Hobart still had the same quarters he’d occupied before the Rebellion: eight rooms around what had been a minor courtyard in the rambling old palace that the Legation had originally taken for its own. The red pillars had been repainted and some of the soot stains removed from the ceiling, but the gold on the ancient rafters had never been touched up. The courtyard outside, spotlessly tidy, was bare of the flowers, trees, caged birds or kongs of goldfish that so many old China hands adopted to transform this strange architecture into a semblance of home.

The Senior Translator jerked to his feet and flung his pen down on the desk. ‘They would if you’d do your job instead of swanning around the hills chasing ghost stories!’

‘The job you gave me is to clear your son,’ Asher returned calmly. ‘Part of that process is to find out who would want to implicate Rick in so hideous a crime, and in order to learn who , one has to ask why .’

Why ?’ It was a fair imitation of someone who didn’t understand what Asher was talking about, but Asher could see fear widen Hobart’s eyes. The harsh voice stammered a little: ‘What d’you mean, why ?’ Then he waved his arms, raised his voice to a shout. ‘You can’t tell why a Chinese will do anything, you bloody imbecile! They don’t think like we do! This is a people who believe magic headbands will make them invulnerable to bullets, for God’s sake! Who believe their dead ancestors will arrange favors for them from the afterlife!’

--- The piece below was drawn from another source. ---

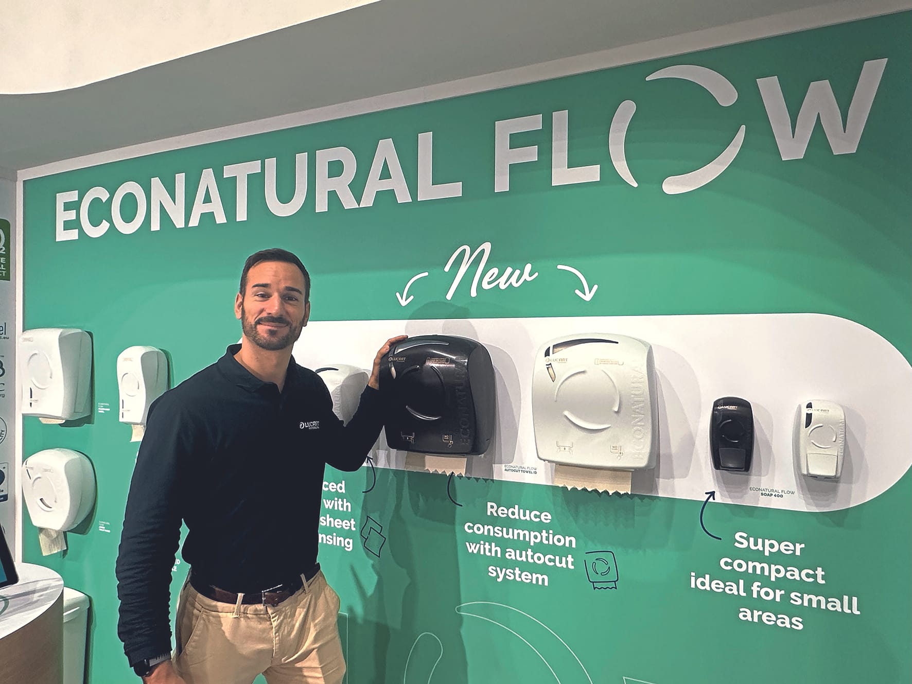 Lucart Professional: Der italienische Hersteller von Hygienepapier und Spendersystemen zeigte in Berlin unter anderem die EcoNatural-Flow-Produktreihe. Diese umfasst Spender für Toilettenpapier, gefaltete und gerollte Handtücher und auch für Seife. Die Produkte sind mit den Zertifizierungen OK Recycled/TÜV Austria und ReMade in Italy ausgezeichnet, was ihre vollständige Wiederverwertbarkeit garantiere. Diego Gramegna (Bild), Brand & Communication Marketing Manager bei Lucart, betont die Kreislauffähigkeit der EcoNatural-Flow-Spender. EcoNatural steht für ein Kreislaufsystem, bei dem Zellulosefasern, Polyethylen und Aluminium aus gebrauchten Getränkekartons zurückgewonnen werden. Die Fasern werden zu Fiberpack-Tissuepapier verarbeitet, während aus Polyethylen und Aluminium sogenanntes Al.Pe entsteht, das zur Herstellung der Flow-Spenderlinie zum Einsatz kommt.

‘I suggest you attend a spiritualist seance in any corner of London,’ said Asher, ‘if you want to see people having conversations with their dead ancestors. And talk to the French High Command if you want to hear about how military elan is going to trump German machine guns. Police work is police work whether you’re in Peking or London, and unless one or the other of us can come up with a specific reason why some particular Chinese would want to see your son hang for murder, what a London judge is going to see is your son’s tie around the throat of a girl who was forcing him into a marriage he didn’t want.’